KRAEMER, WILLIAM J.1; HÄKKINEN, KEIJO6; TRAVIS TRIPLETT-MCBRIDE, N.3; FRY, ANDREW C.3; PERRY KOZIRIS, L.3; RATAMESS, NICHOLAS A.1; BAUER, JEFFREY E.3; VOLEK, JEFF S.1; MCCONNELL, TIM4; NEWTON, ROBERT U.2; GORDON, SCOTT E.3; CUMMINGS, DON5; HAUTH, JOHN5; PULLO, FRANK5; MICHAEL LYNCH, J.3; MAZZETTI, SCOTT A.2; KNUTTGEN, HOWARD G.3

Medicine & Science in Sports & Exercise: January 2003 - Volume 35 - Issue 1 - pp 157-168
Applied Sciences: Physical Fitness and Performance

KRAEMER, W. J., K. HÄKKINEN, N. T. TRIPLETT-MCBRIDE, A. C. FRY, L. P. KOZIRIS, N. A. RATAMESS, J. E. BAUER, J. S. VOLEK, T. MCCONNELL, R. U. NEWTON, S. E. GORDON, D. CUMMINGS, J. HAUTH, F. PULLO, J. M. LYNCH, S. A. MAZZETTI, and H. G. KNUTTGEN. Physiological Changes with Periodized Resistance Training in Women Tennis Players. Med. Sci. Sports Exerc., Vol. 35, No. 1, pp. 157–168, 2003.

Purpose: To compare the physiological and performance adaptations between periodized and nonperiodized resistance training in women collegiate tennis athletes.

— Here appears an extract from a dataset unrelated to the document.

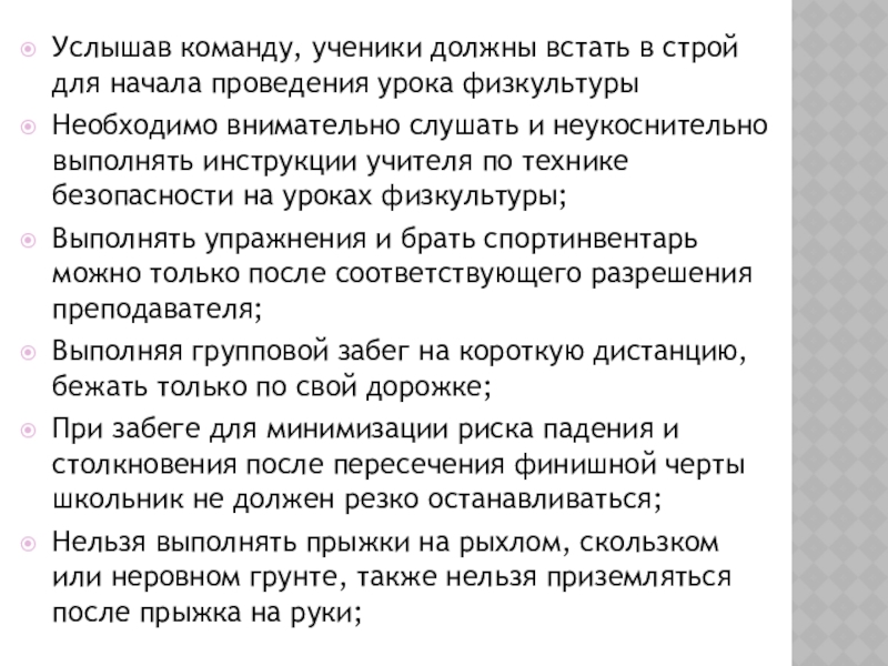 Слайд 4Вводные положения техники безопасности на уроках физкультуры

Methods: Thirty women (19 ± 1 yr) were assigned to either a periodized resistance training group (P), nonperiodized training group (NV), or a control group (C). Assessments for body composition, anaerobic power, V̇O2max, speed, agility, maximal strength, jump height, tennis-service velocity, and resting serum hormonal concentrations were performed before and after 4, 6, and 9 months of resistance training performed 2–3 d·wk−1

Results: Nine months of resistance training resulted in significant increases in fat-free mass; anaerobic power; grip strength; jump height; one-repetition maximum (1-RM) leg press, bench press, and shoulder press; serve, forehand, and backhand ball velocities; and resting serum insulin-like growth factor-1, testosterone, and cortisol concentrations. Percent body fat and V̇O2max decreased significantly in the P and NV groups after training. During the first 6 months, periodized resistance training elicited significantly greater increases in 1-RM leg press (9 ± 2 vs 4.5 ± 2%), bench press (22 ± 5 vs 11 ± 8%), and shoulder press (24 ± 7 vs 18 ± 6%) than the NV group. The absolute 1-RM leg press and shoulder press values in the P group were greater than the NV group after 9 months. Periodized resistance training also resulted in significantly greater improvements in jump height (50 ± 9 vs 37 ± 7%) and serve (29 ± 5 vs 16 ± 4%), forehand (22 ± 3 vs 17 ± 3%), and backhand ball velocities (36 ± 4 vs 14 ± 4%) as compared with nonperiodized training after 9 months.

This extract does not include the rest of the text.